"And you suspected what?" he demanded, in a hurt and angry voice, "you were told some story by a servant—and without waiting for my explanation—without giving me a decent chance to clear myself—you were ready, on the instant, to believe me capable—of what?"
Her suspicion worked him into a furious resentment; and the consciousness that he, himself, was at fault was swallowed up by the greater wrong of her unuttered accusation. While he spoke he was honestly of the opinion that their whole future happiness was wrecked by the fact that she believed him capable of the thing which he had done.
"I would die now before I would justify myself to you," he added.
Before the unaffected resentment in his face, she was suddenly, and without knowing it, thrown into a position of defence.
"What could I believe? What else was there for me to believe?" she asked in a muffled voice. Then, as she looked up at him, it seemed to her that for the first time she saw the man as he really was in the truth of his own nature—saw his egoism, his vanity, his shallowness and saw, too, with the same mental clearness, that he had ceased to love her. But at the instant with this vision before her, she told herself that the discovery made no difference—that it no longer mattered whether he loved or hated her. Afterward, when he had gone, her perceptions would be blunted again and she would suffer, she knew; but now, while she stood there face to face with him, she could not feel that he bore any vital part in her existence.

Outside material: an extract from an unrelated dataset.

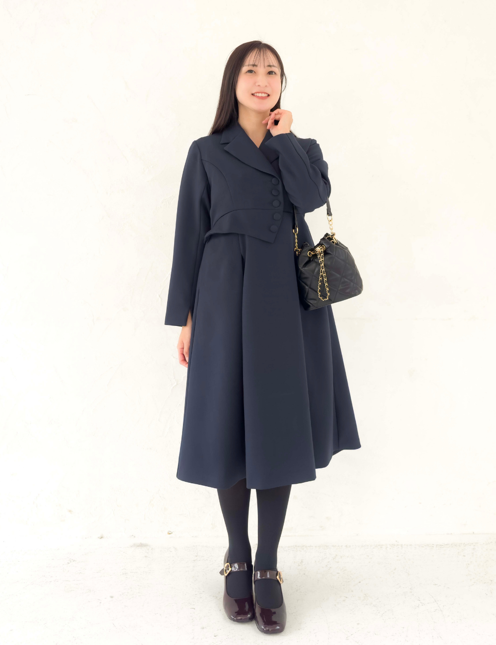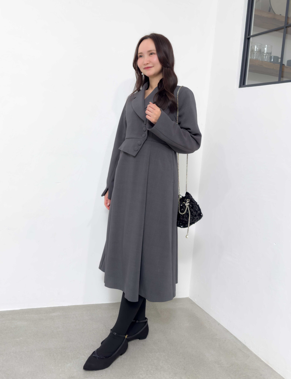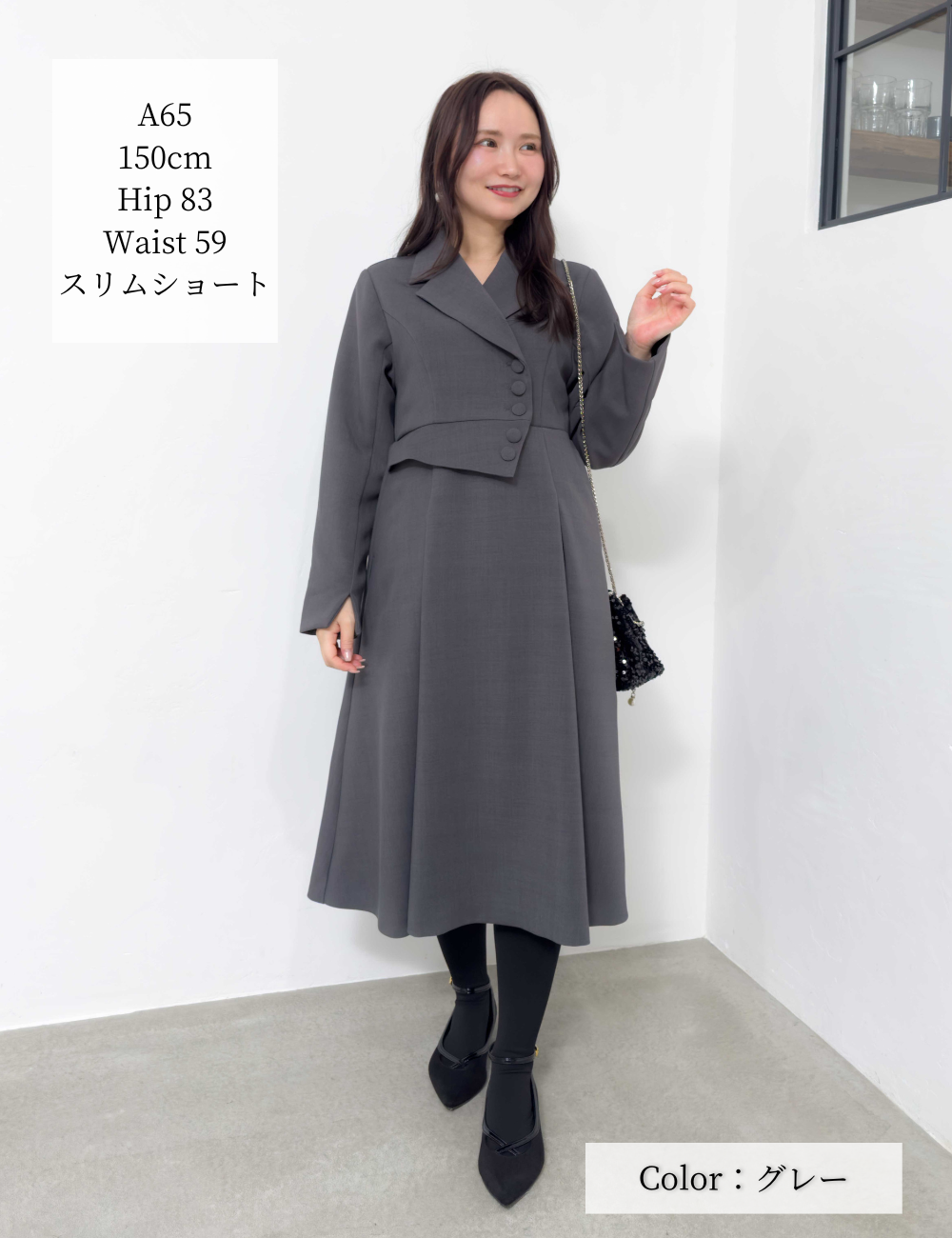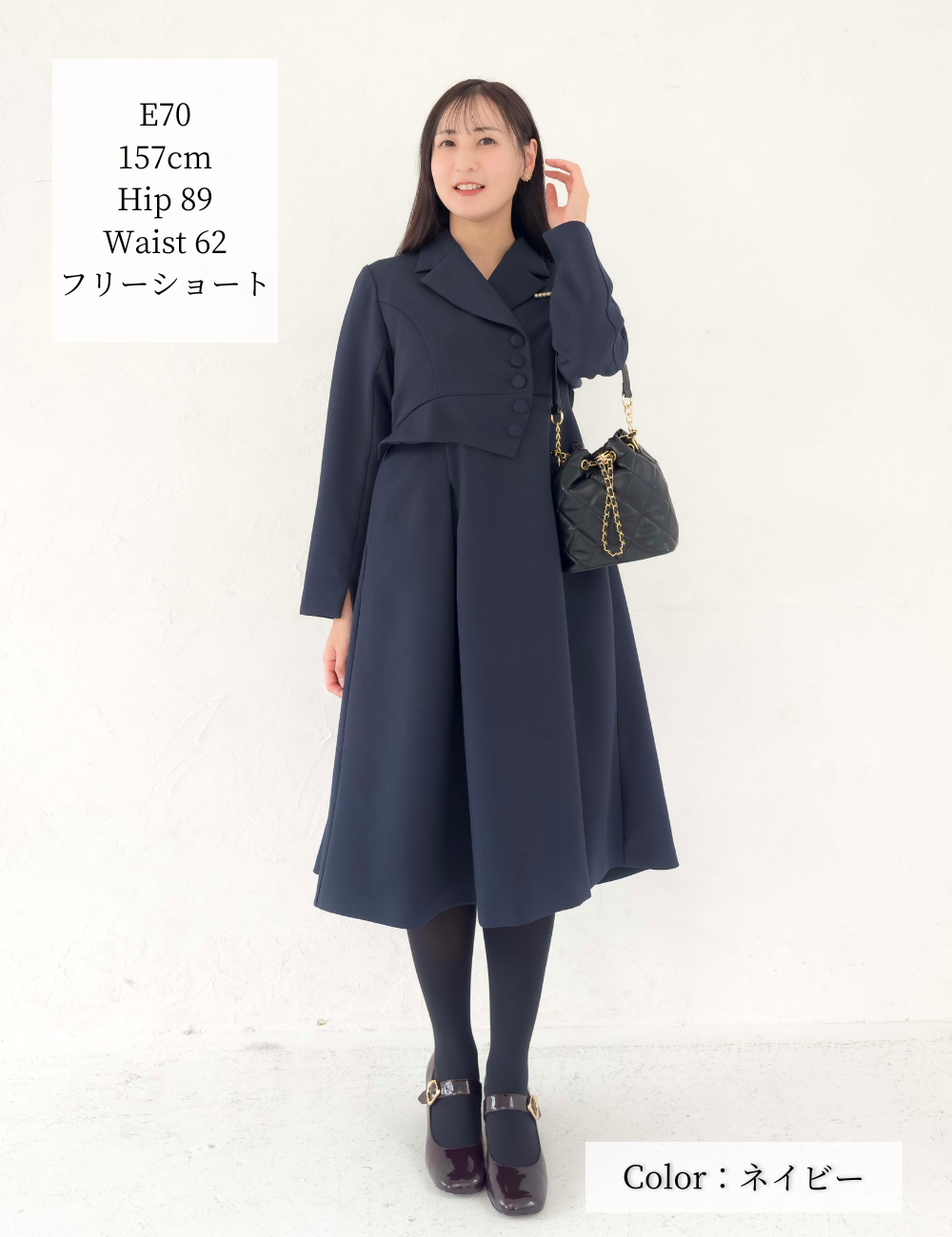 パネルラインが胸元に立体感を与える、上品なジャケット風ワンピース。

"You must believe whatever your feeling for me dictates," he retorted. "I shall not stoop to meet a charge of which I am still ignorant—I have loved you," he added, "more than I have ever loved any man or woman in my life."
"You have never loved me—you do not love me now," she responded coolly.
She had not meant to speak the words; they held no particular meaning for her ears; and yet they had no sooner passed her lips than she had a strange impression that they remained like detached, living things in the space between them. Why she had spoken as she had done, she could not tell, nor why she had really cared so little at the instant when she had uttered her passionate reproach. Then she remembered a wooden figure she had once seen on the stage—a figure that walked and moved its arms and uttered sounds which resembled a human voice—and it seemed to her that she, herself, was this figure and that her gestures and the words she spoke were the result of the hidden automaton within her.
She saw him pass to the door, look back once, and then leave the room with his rapid step, and while her eyes followed him, she felt that the man who had just gone from her with that angry glance was a different individual from the man whom she still loved and for whom she would presently suffer an agony of longing. Then as the sound of the hall door closing sharply fell on her ears, she passed instantly from the deadening lethargy of her senses into a vivid realisation of the thing which had just happened—of the meaning of the words which she had spoken and of the look which he had thrown back at her as he went. A passion of despair rose in her throat, struggling for release until it became a physical torture, and she cried out in her loneliness that nothing mattered—neither truth nor falsehood—so long as she could be brought again face to face with his actual presence.
But—if she had only known the truth!—Kemper had never desired her so ardently as in the hour when he told himself that, by his own fault, he had lost her forever; she had never shown herself so worthy to be won as when she had looked down upon him from the remoteness of her disdain. Like many men of flexible morality, he entertained a profound respect for any rigid ethical standard; and had Laura maintained her unyielding attitude, he would probably have suffered a hopeless passion for her to the end of his embittered but still elastic experience. Though he was hardly aware of it, the only virtues he could perfectly appreciate were the ones which usually present themselves in a masculine shape—courage, honour, fair play among men and chivalry to women; and it seemed to him that Laura, in exacting his entire fidelity, was acting upon an essentially masculine prerogative. The more she demanded, the more, unconsciously to himself, he felt that he was ready to surrender—and he cursed now the intervention of Madame Alta with a vehemence he would never have felt had the course of his love flowed on smoothly in spite of his relapses.